Pinot Noir - Saralee's Vineyard - Russian River Valley - 2014

$50.00

100% Pinot Noir
Saralee's Vineyard, Russian River Valley
Clones: 50% Jackson 9, 50% Wädenswil
Raised for 17 months in French Oak, 50% new


The greatness of Russian River Valley is endlessly on display through the Pinot Noir grown at Saralee's Vineyard. Sourced from the ranch's original planting, the wines born from these grapes continue to reinforce our belief that there is no substituting for the character of old vines. Each year during our regular vineyard visits, it never ceases to amaze how effortlessly these vines regulate themselves and produce world-class grapes with minimal intervention of the farmer's hand.

Deep roots and inherently low yields (tiny grape-clusters populated with BB-sized berries) give this wine its significant complexities—fruit and earth; power and finesse; exuberance and depth. This vintage is dominated by the classic Pinot Noir notes of red cherry, rhubarb, cola-spice and forest floor, accented by a brambly lift that fills the nose and livens the palate. An absolutely gorgeous wine.

Saralee’s Pinot Noir perfectly fits the concept with which this portion of our portfolio was conceived—singular wines distinguished by an unmistakable ability to display their pedigree, providing an equally indulgent experience for both the senses and the intellect.

As with no other varietal, the focus on the clonal makeup of Pinot Noir wines is rabid. This wine is fashioned from old-time California ‘heritage’ selections—the wildly disparate Jackson 9 and Wädenswil clones.

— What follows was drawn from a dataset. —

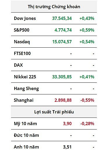 Cả ba chỉ số chứng khoán chính của Mỹ đều tăng nhẹ sau nghỉ lễ Giáng sinh, với S&P500 đạt mức cao nhất trong gần 2 năm và Nasdaq đạt mức cao kỷ lục. Đà tăng của nhóm cổ phiếu năng lượng đã thúc đẩy chỉ số chung của thị trường. Cổ phiếu năng lượng có mức tăng phần trăm cao nhất, được thúc đẩy nhờ giá dầu thô tăng khi xung đột ở Trung Đông làm gia tăng lo ngại về nguồn cung, trong khi sự lạc quan về việc cắt giảm lãi suất của Cục Dự trữ Liên bang Mỹ (FED) đã thúc đẩy kỳ vọng về nhu cầu.

A study in duality, we love how these clones create a deeply soulful, complex, and harmonious Pinot Noir. The former bestows exuberant fruitiness and plush textures, while the later ornaments the wine's indulgent side with brambly fruit, exotic spiciness and regal structure.

In grape-growing, a 'heritage' clone refers to a vine whose lineage in the United States can be traced back prior to the arrival of the ENTAV Dijon clones in the mid-1980s. Due to being grown and propagated in the New World for many generations, these 'heritage' clones have had time to adapt to our climate and soils, resulting in what we believe to be more complex, complete wines.

These clones are some of the oldest in California. Jackson 9's lineage can be traced back to an experimental vineyard in Amador County, planted in the 1880's by a UC-Berkley professor. Wädenswil was imported to the United States in 1952 from its namesake village in Switzerland.